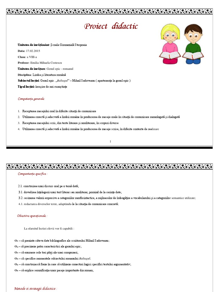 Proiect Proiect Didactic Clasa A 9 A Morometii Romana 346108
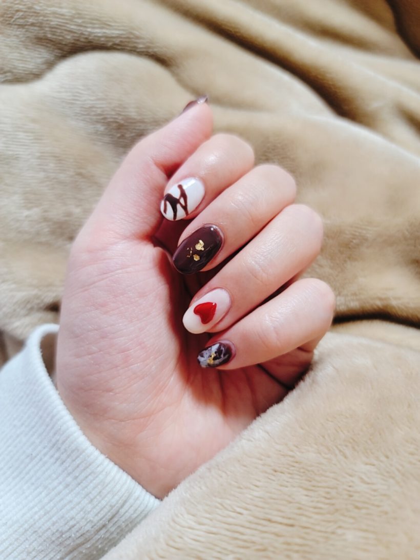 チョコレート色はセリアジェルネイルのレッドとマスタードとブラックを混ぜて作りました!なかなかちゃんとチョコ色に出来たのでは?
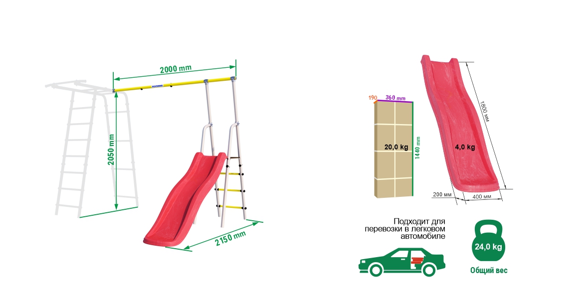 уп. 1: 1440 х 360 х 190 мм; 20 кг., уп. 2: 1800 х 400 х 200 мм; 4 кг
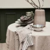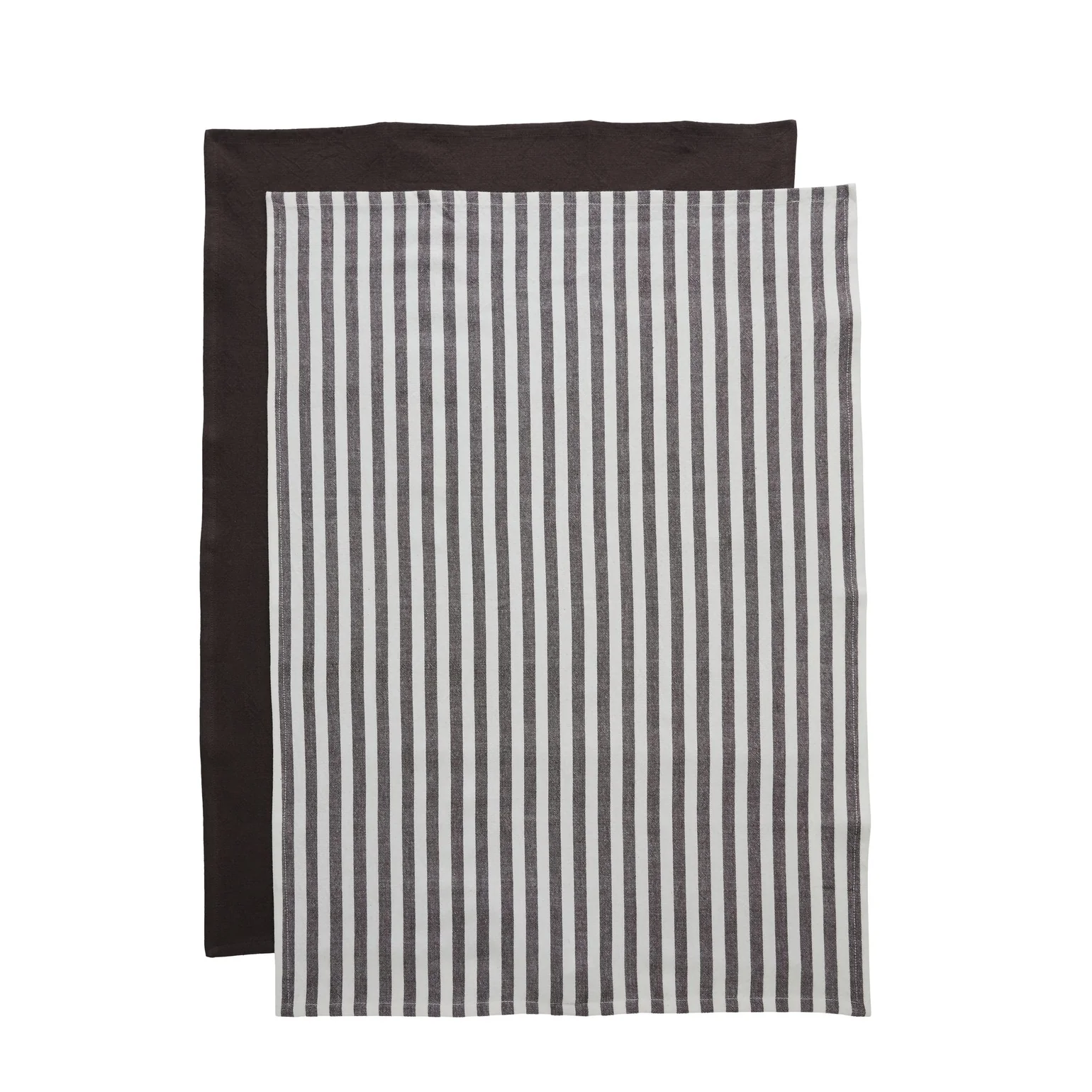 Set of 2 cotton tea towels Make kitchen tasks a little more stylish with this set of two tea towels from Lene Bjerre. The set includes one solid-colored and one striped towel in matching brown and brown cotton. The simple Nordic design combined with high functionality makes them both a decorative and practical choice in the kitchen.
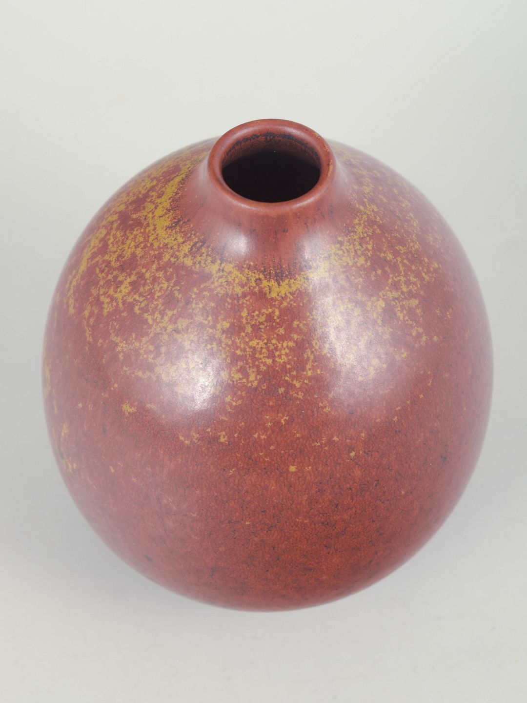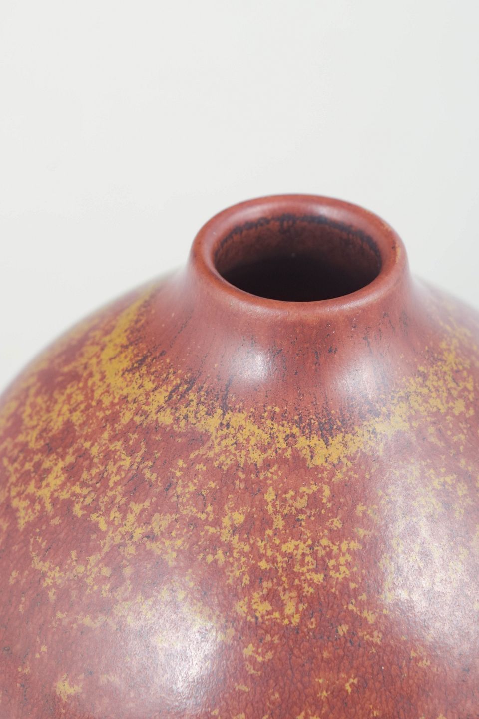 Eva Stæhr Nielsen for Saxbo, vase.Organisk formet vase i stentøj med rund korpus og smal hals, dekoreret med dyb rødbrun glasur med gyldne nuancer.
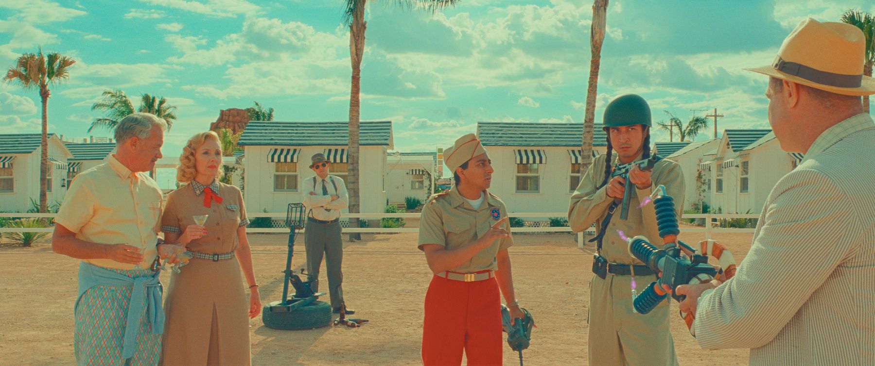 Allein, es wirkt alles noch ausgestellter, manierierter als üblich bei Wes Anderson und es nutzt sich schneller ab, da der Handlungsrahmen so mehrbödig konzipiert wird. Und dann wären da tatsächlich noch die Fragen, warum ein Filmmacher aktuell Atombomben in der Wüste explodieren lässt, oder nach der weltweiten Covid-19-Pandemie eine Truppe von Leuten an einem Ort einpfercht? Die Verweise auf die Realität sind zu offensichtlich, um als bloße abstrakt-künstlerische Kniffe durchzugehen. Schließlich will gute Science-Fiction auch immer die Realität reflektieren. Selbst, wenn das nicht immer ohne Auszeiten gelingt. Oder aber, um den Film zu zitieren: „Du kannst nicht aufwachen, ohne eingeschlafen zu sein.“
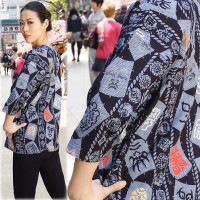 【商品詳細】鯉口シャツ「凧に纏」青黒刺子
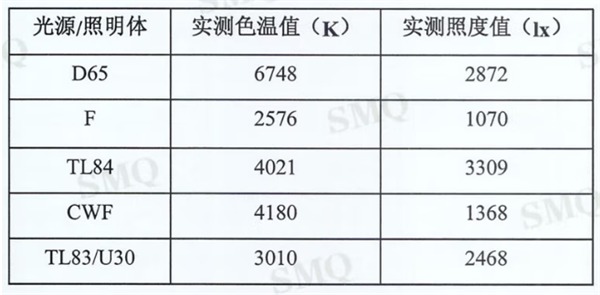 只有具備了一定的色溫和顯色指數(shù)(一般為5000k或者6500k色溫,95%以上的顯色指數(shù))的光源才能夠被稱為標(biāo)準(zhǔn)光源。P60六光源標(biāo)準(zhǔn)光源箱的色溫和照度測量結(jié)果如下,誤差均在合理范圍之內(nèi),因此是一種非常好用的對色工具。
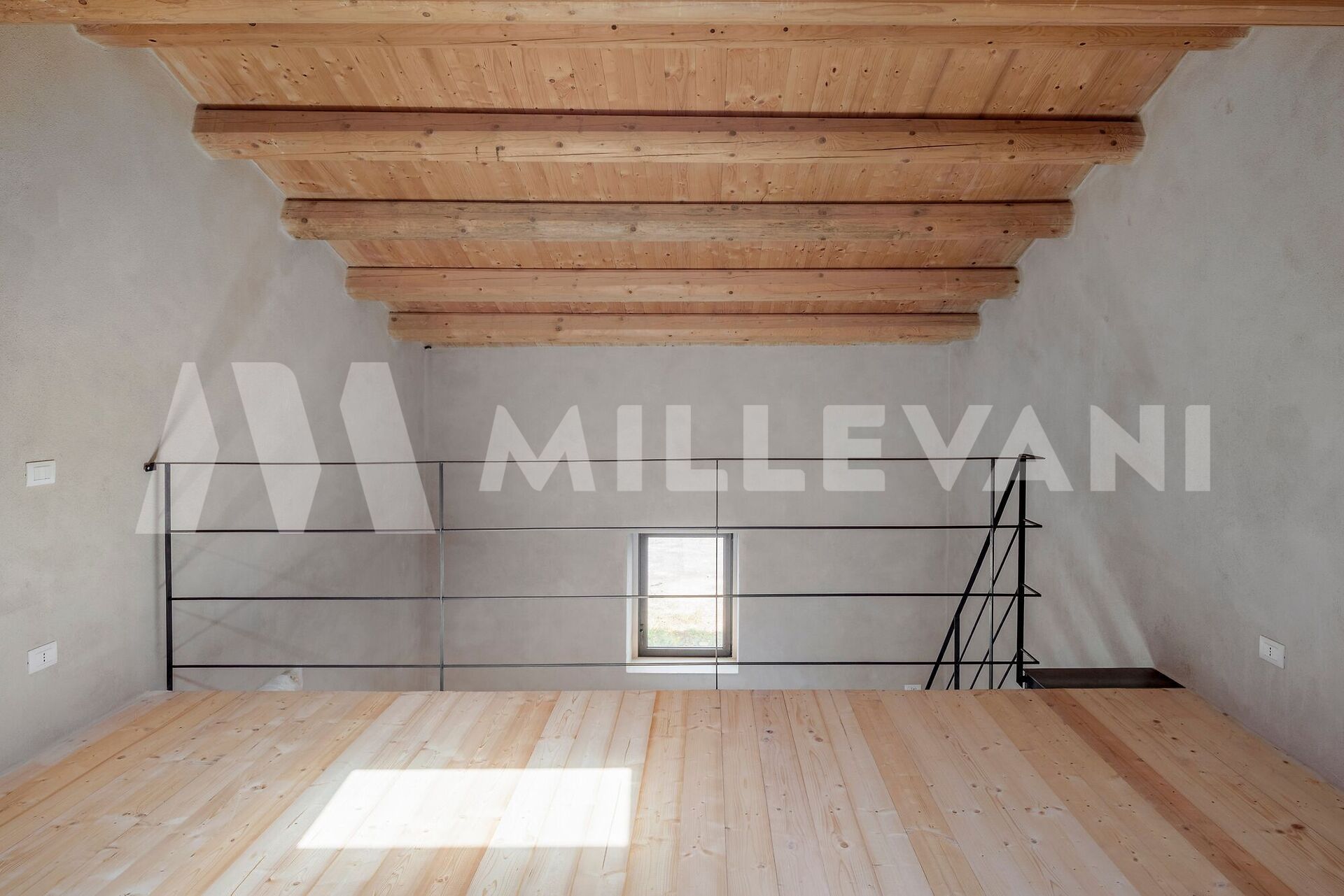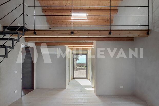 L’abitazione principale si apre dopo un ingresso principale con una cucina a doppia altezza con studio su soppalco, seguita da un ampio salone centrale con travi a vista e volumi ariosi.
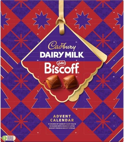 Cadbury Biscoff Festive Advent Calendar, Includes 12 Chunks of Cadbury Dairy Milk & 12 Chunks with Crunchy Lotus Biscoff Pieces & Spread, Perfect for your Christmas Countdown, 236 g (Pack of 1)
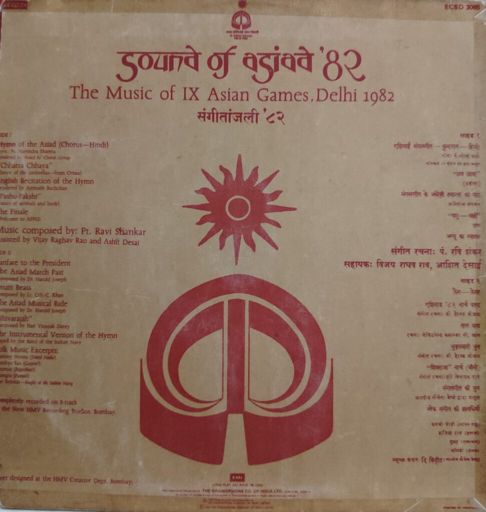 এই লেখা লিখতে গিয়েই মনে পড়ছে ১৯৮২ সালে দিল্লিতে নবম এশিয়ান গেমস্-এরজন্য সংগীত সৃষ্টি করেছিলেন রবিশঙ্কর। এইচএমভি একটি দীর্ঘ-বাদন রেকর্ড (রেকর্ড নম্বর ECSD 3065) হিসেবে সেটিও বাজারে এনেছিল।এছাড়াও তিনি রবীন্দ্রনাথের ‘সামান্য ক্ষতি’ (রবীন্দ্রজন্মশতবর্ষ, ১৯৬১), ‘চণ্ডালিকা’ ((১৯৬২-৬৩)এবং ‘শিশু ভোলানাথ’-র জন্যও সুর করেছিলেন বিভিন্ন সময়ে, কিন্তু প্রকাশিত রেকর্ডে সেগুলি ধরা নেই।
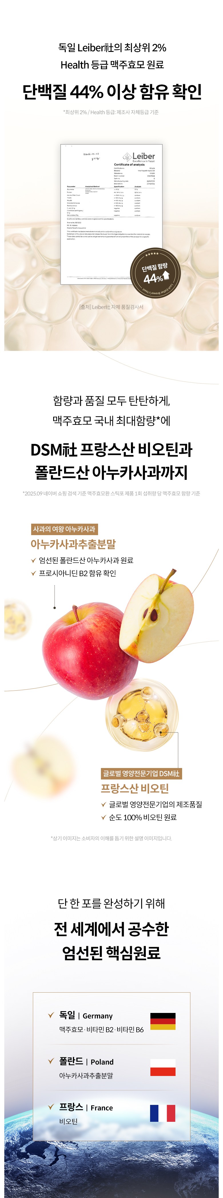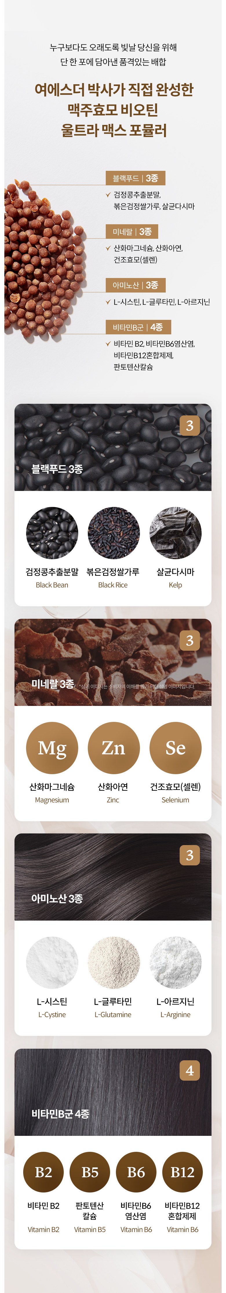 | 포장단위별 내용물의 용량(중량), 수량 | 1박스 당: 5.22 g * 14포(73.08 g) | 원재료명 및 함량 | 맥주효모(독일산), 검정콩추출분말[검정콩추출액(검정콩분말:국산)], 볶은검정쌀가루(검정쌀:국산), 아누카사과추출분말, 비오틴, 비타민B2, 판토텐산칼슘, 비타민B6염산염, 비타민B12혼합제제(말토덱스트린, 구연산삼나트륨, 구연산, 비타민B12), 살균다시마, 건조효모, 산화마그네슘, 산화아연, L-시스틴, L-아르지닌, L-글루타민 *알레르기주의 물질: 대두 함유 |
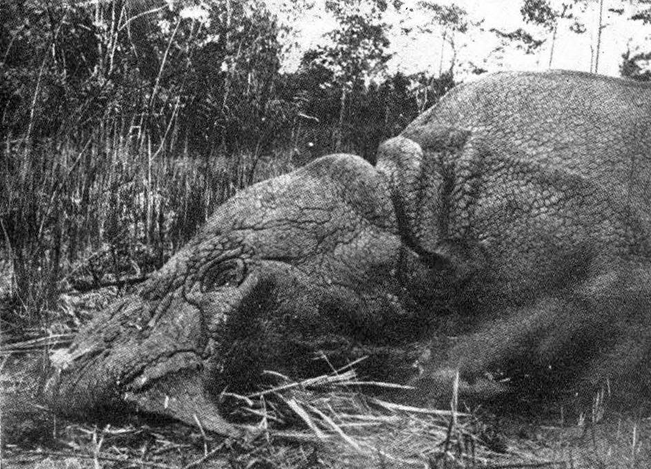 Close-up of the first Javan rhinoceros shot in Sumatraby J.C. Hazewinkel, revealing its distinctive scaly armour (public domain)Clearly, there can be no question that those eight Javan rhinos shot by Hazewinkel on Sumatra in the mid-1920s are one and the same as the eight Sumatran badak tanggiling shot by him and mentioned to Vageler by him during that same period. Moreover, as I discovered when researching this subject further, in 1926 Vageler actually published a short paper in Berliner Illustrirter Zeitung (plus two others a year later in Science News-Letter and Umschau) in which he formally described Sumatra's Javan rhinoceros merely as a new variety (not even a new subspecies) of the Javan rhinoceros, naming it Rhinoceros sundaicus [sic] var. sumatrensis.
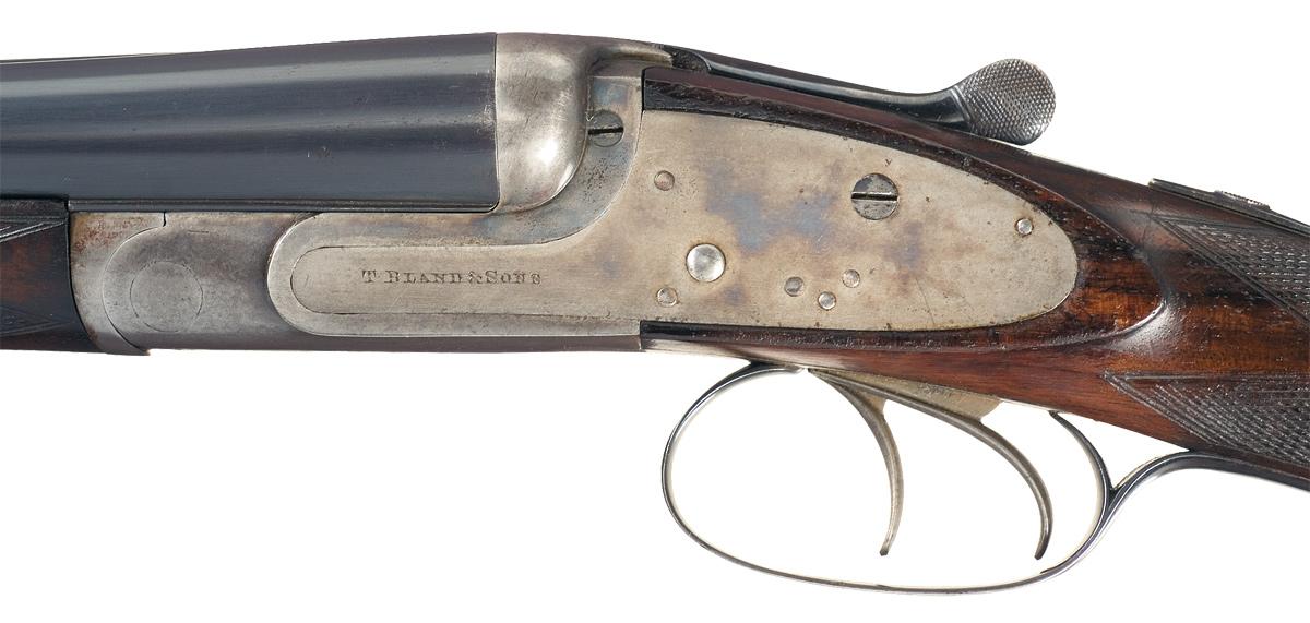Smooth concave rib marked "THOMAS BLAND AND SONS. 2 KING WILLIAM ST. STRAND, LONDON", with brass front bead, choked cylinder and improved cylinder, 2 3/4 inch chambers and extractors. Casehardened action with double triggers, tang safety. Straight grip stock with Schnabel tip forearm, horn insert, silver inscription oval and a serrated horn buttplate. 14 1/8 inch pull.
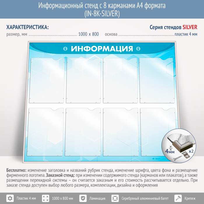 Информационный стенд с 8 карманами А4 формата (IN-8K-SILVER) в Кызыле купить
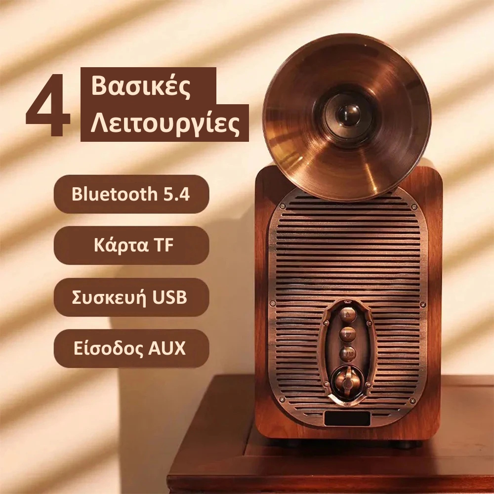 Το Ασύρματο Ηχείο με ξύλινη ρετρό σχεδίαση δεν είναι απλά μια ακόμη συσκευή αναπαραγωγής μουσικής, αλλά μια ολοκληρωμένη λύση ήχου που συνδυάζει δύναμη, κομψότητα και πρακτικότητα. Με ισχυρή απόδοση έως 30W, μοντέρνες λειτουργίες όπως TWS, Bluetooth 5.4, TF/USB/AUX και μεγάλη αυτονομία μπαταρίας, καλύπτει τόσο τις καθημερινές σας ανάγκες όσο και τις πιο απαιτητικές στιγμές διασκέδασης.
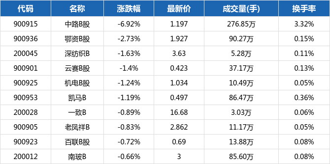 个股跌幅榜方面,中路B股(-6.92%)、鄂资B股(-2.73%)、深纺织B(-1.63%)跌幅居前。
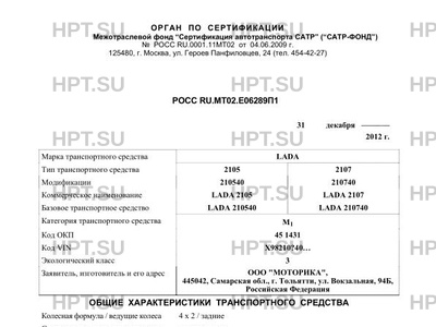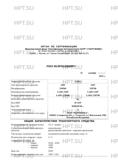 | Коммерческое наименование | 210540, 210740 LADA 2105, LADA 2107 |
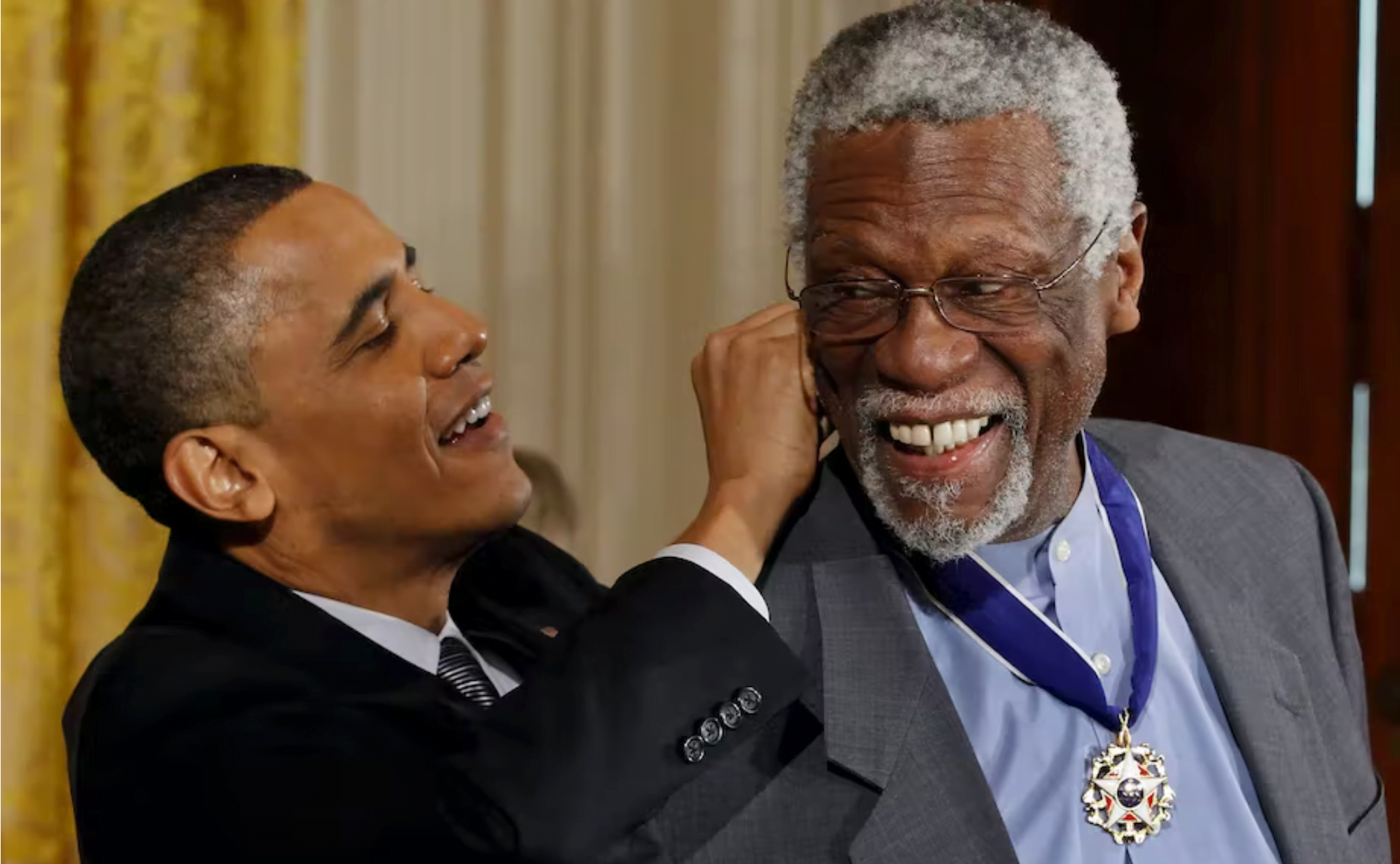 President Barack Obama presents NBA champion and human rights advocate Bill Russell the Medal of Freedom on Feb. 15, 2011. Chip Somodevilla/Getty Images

++++++++

### What to work on
Retype each line of the data exactly, beginning with the first; include the line containing "уп. 1: 1440" and stop there, skipping every picture.

### Solution for this problem
 Proiect Proiect Didactic Clasa A 9 A Morometii Romana 346108
 チョコレート色はセリアジェルネイルのレッドとマスタードとブラックを混ぜて作りました!なかなかちゃんとチョコ色に出来たのでは?
 уп. 1: 1440 х 360 х 190 мм; 20 кг., уп. 2: 1800 х 400 х 200 мм; 4 кг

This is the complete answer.